Proteins like sirtuin 1 (SIRT1) and sirtuin 4 (SIRT4) have been linked to extended lifespans, and small molecules that activate SIRTs have demonstrated a 70% increase in yeast longevity. Rapamycin, which inhibits the mTOR pathway, has also shown promise in extending mammalian lifespan by promoting autophagy and reducing protein accumulation.

Other experimental anti-aging strategies include eliminating senescent cells, infusing young plasma, and conducting fecal microbiota transplants (FMT), with studies suggesting cognitive improvements in patients with mild cognitive impairment (MCI) and PD.

Additionally, biological aging can now be assessed using DNA methylation-based aging clocks, providing a more accurate measure of physiological aging compared to chronological age.

Integrated Anti-Aging Strategies for NDD Prevention

Given the complex interplay between aging and NDDs, a multi-faceted approach is required. The brain is intricately linked to other body systems, meaning that interventions targeting cardiovascular, hepatic, and immune health could mitigate NDD risk.

Enhancing cardiovascular function improves oxygen and nutrient delivery to the brain while maintaining gut health helps prevent toxic protein buildup and systemic inflammation.

Emerging research highlights the role of viral infections, such as SARS-CoV-2, in accelerating aging and increasing NDD risk in older adults. Therefore, preventive strategies that enhance immune function and reduce chronic inflammation are critical.

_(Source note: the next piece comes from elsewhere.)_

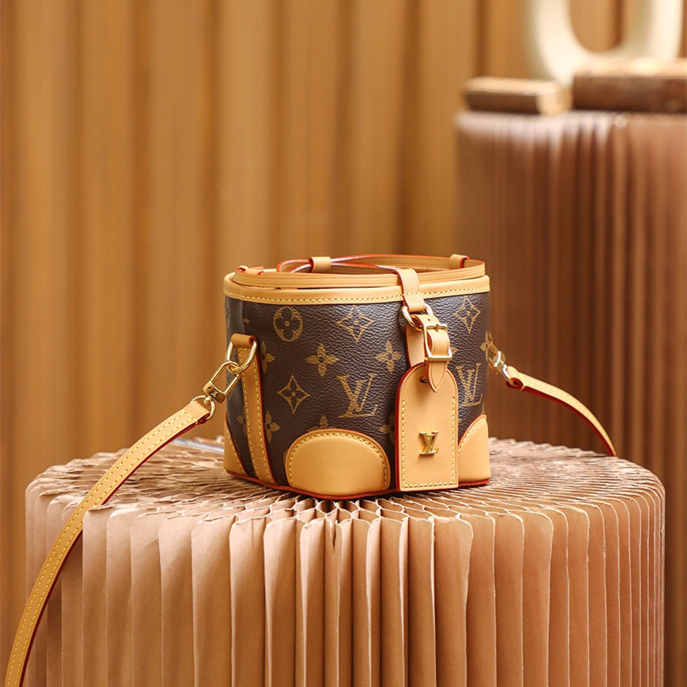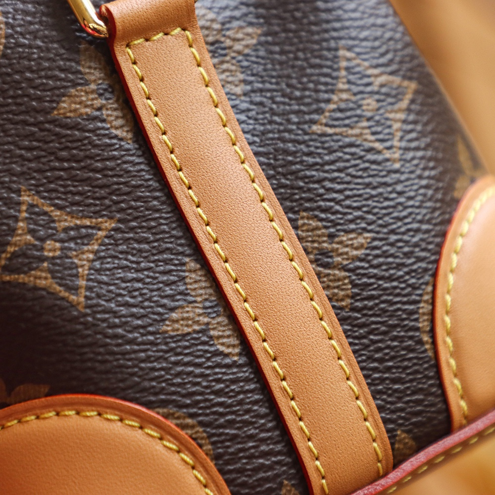 爆款斷貨王高仿LV水桶包繼承了原裝正品大小精細工藝,被譽為小燒麥的水桶包精緻小巧是眾多女士愛不釋手的首選包形.即便是單肩或者是後背日常使用非常方便.而針對小型包體的製作頂級復刻LV經過純手工製作還原專櫃品質,每一處的帆布印花相對應同步沒有任何誤差.
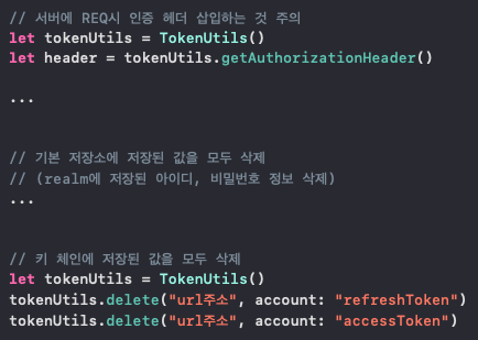 - 클라이언트의 key chain에 인증된 인증 토큰 삭제(access token과 refresh token)

Promising Anti-Aging Therapies

Several potential interventions have been explored to slow or prevent NDDs:

• Blood-Derived Anti-Aging Molecules: These compounds promote neurogenesis, clear toxic proteins, preserve dopaminergic neurons, and improve motor function.
• Pharmacological Approaches: Drugs like metformin, GLP-1 receptor agonists, and senolytics (which remove senescent cells) have shown promise in preclinical trials.
• Biological Therapies: Techniques such as young plasma infusions, gut microbiome rejuvenation via FMT, and stem cell transplants may help counteract age-related decline.
• Targeted Pathway Modulation: Inhibiting the mTOR pathway with rapamycin or activating SIRT proteins may protect neurons by reducing unwanted protein accumulation and improving cellular resilience.
• Immunotherapies: Antibody-based treatments targeting misfolded proteins are being investigated in combination with proven anti-aging interventions.

Although some trials have yielded mixed results, ongoing research is refining these strategies to maximize their effectiveness. Larger, long-term studies are necessary to validate these approaches before clinical implementation.

Conclusion

Neurodegenerative diseases do not arise from a single molecular or cellular dysfunction but rather from an overarching imbalance in the body's complex adaptive systems. This underscores the need for integrated interventions that address multiple aging-related processes.

A comprehensive approach—including a healthy diet, regular physical activity, cognitive training, and anti-inflammatory strategies—can help mitigate inflammation, enhance cardiovascular and respiratory health, and slow neurodegeneration.

Ideally, these preventive measures would be combined with disease-specific treatments and management of coexisting conditions to create a holistic strategy for preventing, treating, and potentially reversing NDDs.